G.E. @ Mon Jan 06 said:


> JH @ Tue Jan 07 said:
> 
> 
> > I don't think it as bad as some people make it think it is. Like the world for composers is getting worse and all. It comes both ways, there are more people doing it nowadays because of cheap technology. On there other hand, technology gives us a thousand more ways to connect with people. The world and landscape will change, try to be part of it.
> ...



Yes, I'd wager there are many more filmmakers and films out there than 20-30 years ago. The scene has also become much more decentralized, so you don't need to be in LA anymore to make movies, which for most people is good news. All this change in the scene has certainly opened doors, despite all the ones that are closing. There was a report going around awhile ago that said the recent boom in casual games/apps has caused a surge in demand for composers- whether or not it's a sustainable trend, it's very welcome news. This change is also something that you probably can't fight even if you wanted to, so I agree that we have to find the opportunities where they appear.
I'd still be pragmatic- though more people are making films and games, alot of these are of the "copy & credit" no-budget variety. There's only so much content the market can take before we become oversaturated. Look at YouTube- it's exploded with creativity (and some garbage too) but very very few people can make decent money from the content they post there- the payout rates are notoriously low.

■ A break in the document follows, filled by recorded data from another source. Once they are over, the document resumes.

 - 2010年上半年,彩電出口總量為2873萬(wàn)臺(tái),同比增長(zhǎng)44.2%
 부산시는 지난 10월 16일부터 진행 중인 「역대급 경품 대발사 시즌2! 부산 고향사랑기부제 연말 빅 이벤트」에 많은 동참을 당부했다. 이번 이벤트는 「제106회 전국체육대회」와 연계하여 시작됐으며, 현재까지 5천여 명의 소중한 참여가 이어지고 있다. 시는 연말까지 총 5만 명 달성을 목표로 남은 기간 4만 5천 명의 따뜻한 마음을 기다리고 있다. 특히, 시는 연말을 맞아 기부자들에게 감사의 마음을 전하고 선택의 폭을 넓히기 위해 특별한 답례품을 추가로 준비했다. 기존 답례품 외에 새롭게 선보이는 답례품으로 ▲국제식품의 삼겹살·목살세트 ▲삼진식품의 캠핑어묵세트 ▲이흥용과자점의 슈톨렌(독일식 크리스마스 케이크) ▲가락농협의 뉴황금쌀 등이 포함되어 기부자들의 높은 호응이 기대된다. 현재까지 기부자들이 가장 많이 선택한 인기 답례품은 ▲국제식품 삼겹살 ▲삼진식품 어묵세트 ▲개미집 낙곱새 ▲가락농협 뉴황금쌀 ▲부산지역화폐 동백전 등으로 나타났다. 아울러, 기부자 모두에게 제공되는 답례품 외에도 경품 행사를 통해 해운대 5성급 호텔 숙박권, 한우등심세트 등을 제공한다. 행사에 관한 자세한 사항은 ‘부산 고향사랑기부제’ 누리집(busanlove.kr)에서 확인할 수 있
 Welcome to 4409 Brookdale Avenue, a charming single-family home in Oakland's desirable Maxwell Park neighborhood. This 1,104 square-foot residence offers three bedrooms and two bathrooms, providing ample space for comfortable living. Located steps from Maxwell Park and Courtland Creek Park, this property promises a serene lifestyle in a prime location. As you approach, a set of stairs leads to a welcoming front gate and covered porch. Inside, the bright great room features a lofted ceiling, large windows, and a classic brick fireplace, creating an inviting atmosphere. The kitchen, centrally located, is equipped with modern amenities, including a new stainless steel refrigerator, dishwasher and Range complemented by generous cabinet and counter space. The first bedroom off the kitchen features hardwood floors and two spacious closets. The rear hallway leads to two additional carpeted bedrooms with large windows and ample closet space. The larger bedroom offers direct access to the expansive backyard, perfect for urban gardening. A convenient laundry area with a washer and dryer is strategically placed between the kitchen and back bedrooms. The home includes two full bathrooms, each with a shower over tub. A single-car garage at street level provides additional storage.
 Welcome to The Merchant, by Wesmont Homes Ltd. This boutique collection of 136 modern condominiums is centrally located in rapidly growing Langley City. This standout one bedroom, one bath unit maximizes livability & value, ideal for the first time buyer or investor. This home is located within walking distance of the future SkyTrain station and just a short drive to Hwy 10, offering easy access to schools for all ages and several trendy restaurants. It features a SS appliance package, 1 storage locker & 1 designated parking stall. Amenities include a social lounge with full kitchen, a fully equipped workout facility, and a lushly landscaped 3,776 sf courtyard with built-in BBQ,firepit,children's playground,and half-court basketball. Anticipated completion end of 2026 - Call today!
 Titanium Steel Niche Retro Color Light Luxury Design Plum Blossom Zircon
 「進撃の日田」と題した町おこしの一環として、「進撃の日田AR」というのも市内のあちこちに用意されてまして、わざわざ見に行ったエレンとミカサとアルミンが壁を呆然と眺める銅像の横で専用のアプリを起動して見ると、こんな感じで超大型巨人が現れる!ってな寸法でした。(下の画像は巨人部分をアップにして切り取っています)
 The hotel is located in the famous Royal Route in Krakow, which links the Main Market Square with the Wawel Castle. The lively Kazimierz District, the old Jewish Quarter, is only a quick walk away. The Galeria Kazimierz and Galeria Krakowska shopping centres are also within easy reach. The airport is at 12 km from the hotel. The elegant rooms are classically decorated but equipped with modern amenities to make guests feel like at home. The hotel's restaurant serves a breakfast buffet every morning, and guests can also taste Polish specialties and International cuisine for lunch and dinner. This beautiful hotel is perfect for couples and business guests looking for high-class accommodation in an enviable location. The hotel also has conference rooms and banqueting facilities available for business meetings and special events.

This isn't to say it's impossible, but the competition is exceptionally fierce and unless there's guaranteed assurance of a minimum level of income, I'd cling to a paying day job dearly as it's the only thing that'll help you outlast all the composers who decided to go "all-in" and then go broke/burn out.


----------



## Ned Bouhalassa (Jan 7, 2014)

jaredcowing @ 6/1/2014 said:


> I'd cling to a paying day job dearly as it's the only thing that'll help you outlast all the composers who decided to go "all-in" and then go broke/burn out.

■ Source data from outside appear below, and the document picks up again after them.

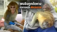 พบลิงถูกตัดหาง อาการหนัก พิการถาวร
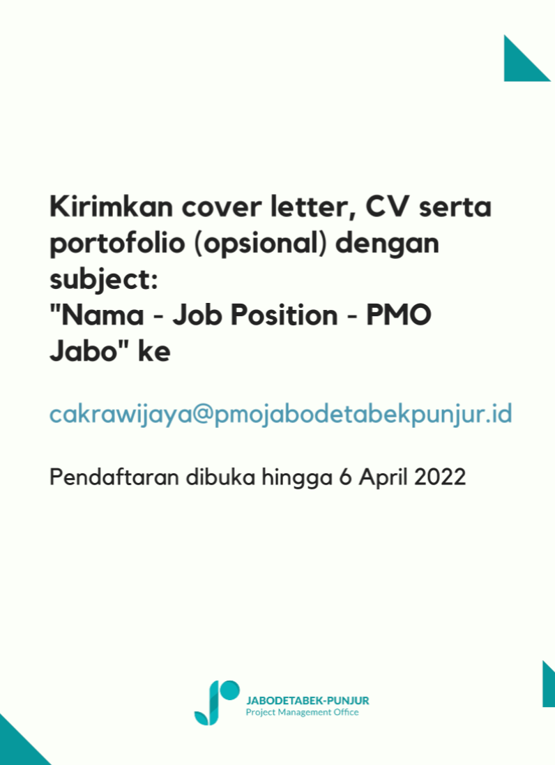 - cakrawijaya@pmojabodetabekpunjur.id Subject Email : Nama – “Job Position – PMO Jabo”
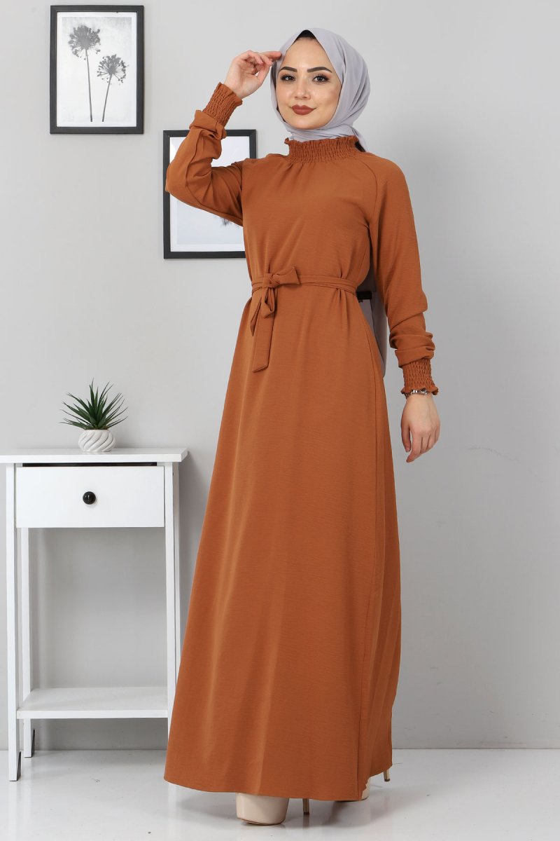 Tesettür Dünyası Taba Yakası Lastikli Elbise
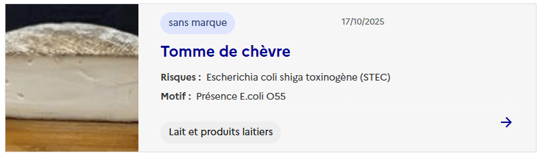 Alerta por presencia de Escherichia coli productor de toxina Shiga (STEC) en queso procedente de Francia. (Ref. ES2025/608)
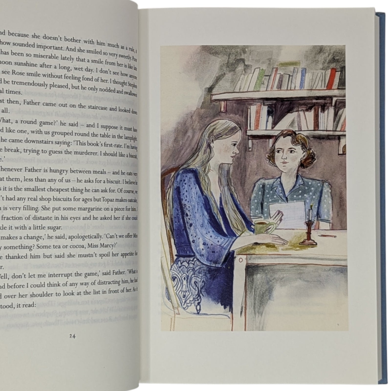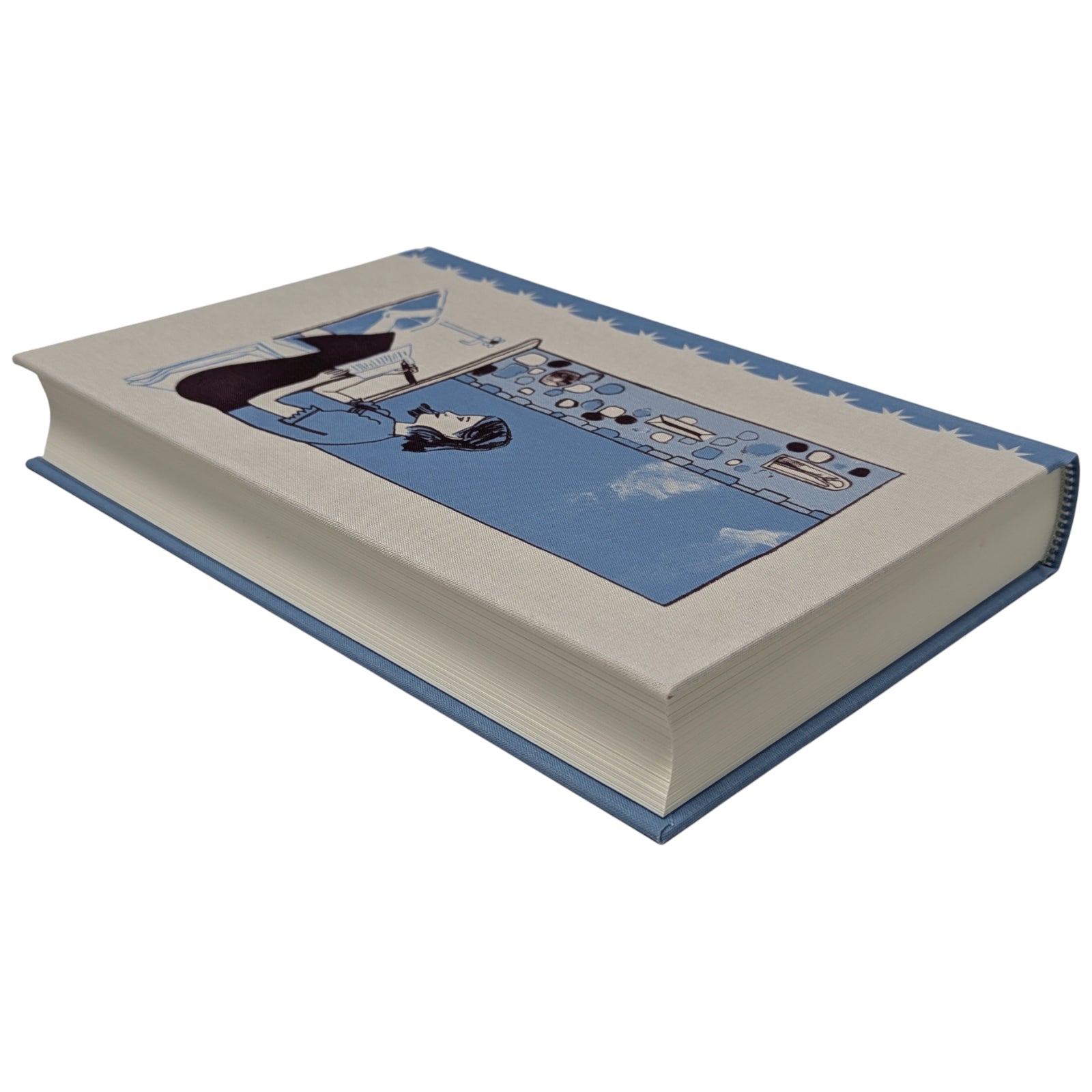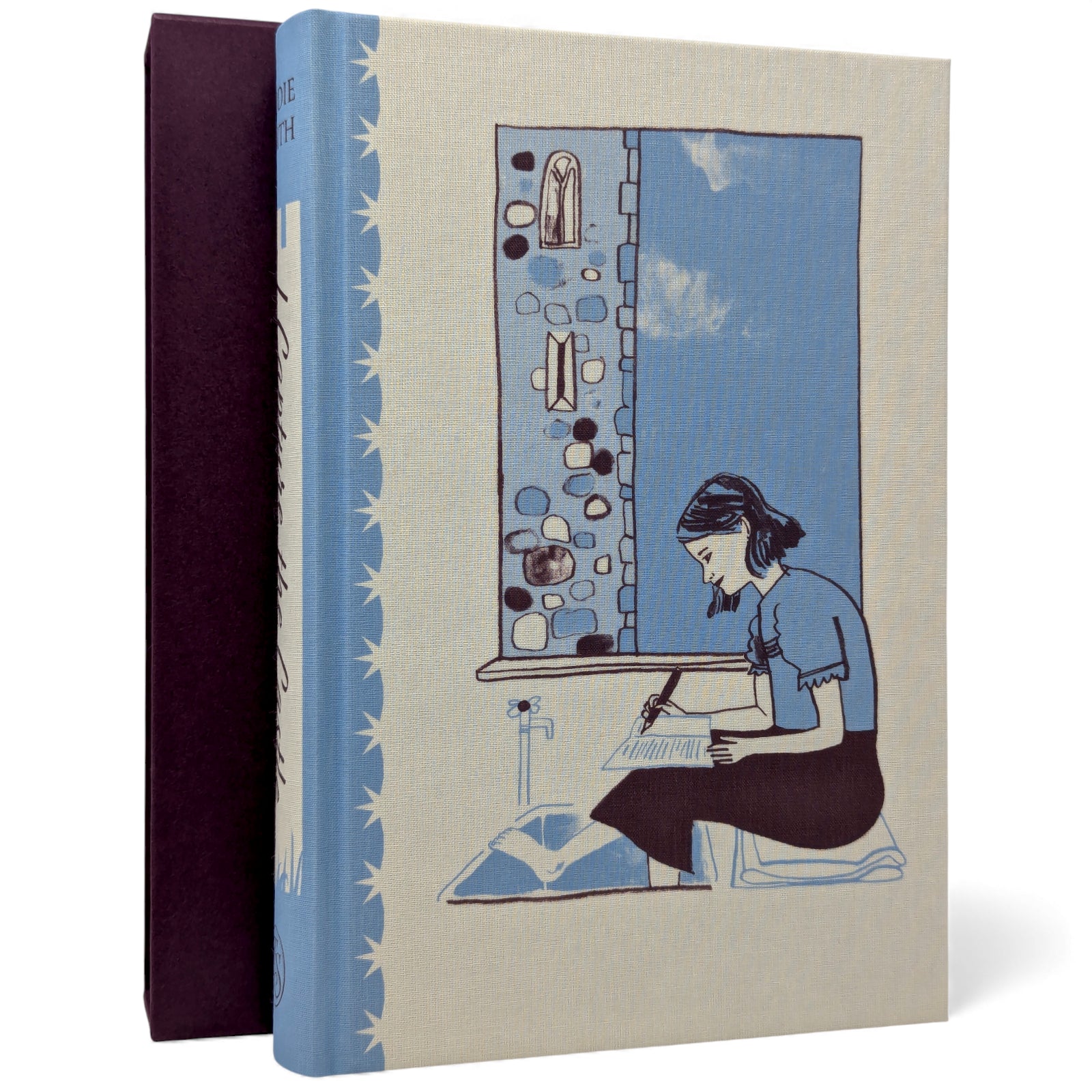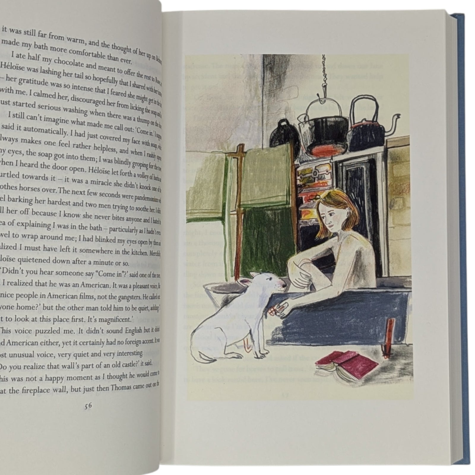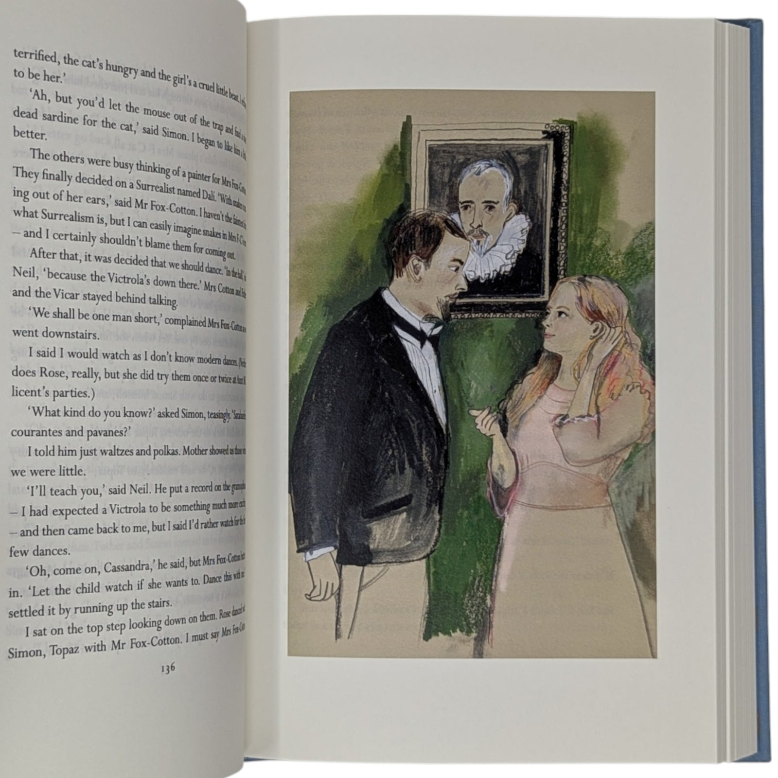 SMITH, Dodie. I Capture the Castle. London: The Folio Society, 2023. First printing thus. Illustrations by Sarah Dyer. 240 × 163 × 33 mm. Pp. [i–iv] v–vii [viii], [1–4] 5–383 [384]: [6] leaves of colour plates (facing pp. 24, 56, 136, 200, 232 and 289). Type: Perpetua with Relation for display. Printed and bound by Graphicom in full printed cloth with design by Dyer; blue end leaves printed with repeat stars in gold. Dark purple slip case. Dyer has also provided a title-page spread.

I can't agree less! Go all-in if you really want a career in scoring. You're young enough to absorb the blows. Go stealth, spending-wise.


----------



## PMortise (Jan 7, 2014)

I say ditch "plan B" and go all-in (with your eyes open, of course). Better to fail doing what you believe in than living a life of http://www.youtube.com/watch?v=xNzBgR0UoYo (regret.)


----------



## jaredcowing (Jan 7, 2014)

Hmm, I very much get the "what if"/regret factor- I don't think a day job needs to get in the way of your other pursuits, so long as your day job allows you the time to pursue music as well. And if the music takes off, then you're ready to shed the day job.
Now, if there are savings to live off, or there's a minimum level of music income you can count on, or even relatives to stay with for awhile, perhaps "plan B" isn't as important. But if you have bills to pay, and nobody to move in with/cover for you if you happen to fall short, you need to be smart. If I'd moved to LA with no job, by now I'd probably be broke (and in default!) and back on the east coast licking my wounds. Fortunately, I planned and landed a day job before I moved here, so I'm still here attending the screenings/panels and networking in the evenings. Not tooting my horn, just want to stress that you need to know if "fail" means you just don't make headway on your music and go back to your former life, or if it means losing the roof over your head. But, each person's situation is different so I'll admit that some people might have the resources to give the music their full time, in which case go for it!!


----------



## G.E. (Jan 7, 2014)

I'm thinking of moving back in with my parents.That would save me a ton of money but at the same time it would feel like regressing, so I'm on the fence about that.I definitely need a plan B but plan A comes first.


----------



## givemenoughrope (Jan 7, 2014)

You want to score films or do trailers but your music isn't currently as good as other trailer music (I'm not bragging or putting you down, I couldn't currently compete with other trailer composers either) and you seem to have sorta lifted some ideas from forum member Daniel James. Whatever. (If you are going to steal, don't steal one thing, steal two completely different things and combine them…then make them your own.)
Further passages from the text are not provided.